主人公キッドが、なぜモンキーの仮面をかぶっているのか。それはインド神話における神猿ハヌマーンに由来する。知恵、強さ、勇気、献身、自由の象徴であるハヌマーンは西遊記の孫悟空のモデルになったとされている。

これを知っていると『モンキーマン』が少年ジャンプ的にも見えてくる。

孫悟空が主人公の「ドラゴンボール」はもちろんだが、「ONE PIECE」のモンキー・D・ルフィもハヌマーンが元ネタとも言われている。

デヴ・パデル監督自身、「現代のコミックが東洋哲学にインスピレーションを得ていることに驚いた」と発言していることからも、本作におけるコミックヒーロー像は意識的だったのかもしれない。

主人公に宿敵がいる。戦いに敗れ、強くなるために修行する。その過程で仲間が増えていく。そしてある日、悟りを開いたかのように覚醒する。こう書くと『モンキーマン』も非常にマンガ的でわかりやすい。

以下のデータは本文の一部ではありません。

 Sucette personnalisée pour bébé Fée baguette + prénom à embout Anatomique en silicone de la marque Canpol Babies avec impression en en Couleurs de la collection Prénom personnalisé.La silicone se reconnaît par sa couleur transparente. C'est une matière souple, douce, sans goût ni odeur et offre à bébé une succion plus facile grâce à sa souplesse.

宗教観に加え登場人物の背景など順序立てた説明を省いている。しかし、この映画は明確ではないが、明瞭なストーリー展開なのだ。だからマンガを一気に読むような感覚で鑑賞できるのだ。

しかし、少年マンガ的要素だけでは終わらない。
『モンキーマン』は復讐を遂げるための物語。根源的に怒りがある。
それは宿敵に向けたものだけでなく、社会構造全体へ向けたもの。それは時折挟み込まれるニュース映像で明らかだ。

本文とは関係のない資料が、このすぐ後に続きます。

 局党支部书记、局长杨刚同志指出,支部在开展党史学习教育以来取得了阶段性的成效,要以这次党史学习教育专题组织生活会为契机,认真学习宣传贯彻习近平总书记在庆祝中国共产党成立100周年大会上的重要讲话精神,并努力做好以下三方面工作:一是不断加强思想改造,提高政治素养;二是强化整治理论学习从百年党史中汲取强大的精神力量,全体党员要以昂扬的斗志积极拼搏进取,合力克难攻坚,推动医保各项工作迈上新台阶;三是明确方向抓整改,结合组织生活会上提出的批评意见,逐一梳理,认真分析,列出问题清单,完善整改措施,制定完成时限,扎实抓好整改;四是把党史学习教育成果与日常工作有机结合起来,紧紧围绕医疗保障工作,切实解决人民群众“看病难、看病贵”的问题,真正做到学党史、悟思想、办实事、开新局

インドにおける貧困差別問題、売春、ドラッグ、公職による不正といった都市部の腐敗。

BRICSと評され世界が注目し成長著しいインド。舞台は架空の都市としているものの、これからどんどん豊かな国になるんだろうなというイメージは、まやかしのインドだという風刺が随所に盛り込まれている。

劇中の虐げられている女性をはじめとした弱者たちは「助けて」とは言わない、言えないのだ。声にならない声が、その表情を見るだけで十分伝わってくる。しかし弱者たちも声を上げて戦わなければならない。過去を壊さないと成長はないのだ。

デヴ・パテルを世界的に有名にした『スラムドッグ$ミリオネア』。この作品もスラム育ちの青年が身の潔白を主張する姿を通じてインド社会の現実を描いたものだった。ムンバイ同時多発テロの際、人質となった宿泊客を救おうとしたホテルマンたちの姿を描いた『ホテル・ムンバイ』で出演兼製作総指揮を経て、今作がロンドン生まれの褐色の俳優の初監督作品となった。歌や踊りはないが『モンキーマン』は紛れもなくインド映画だ。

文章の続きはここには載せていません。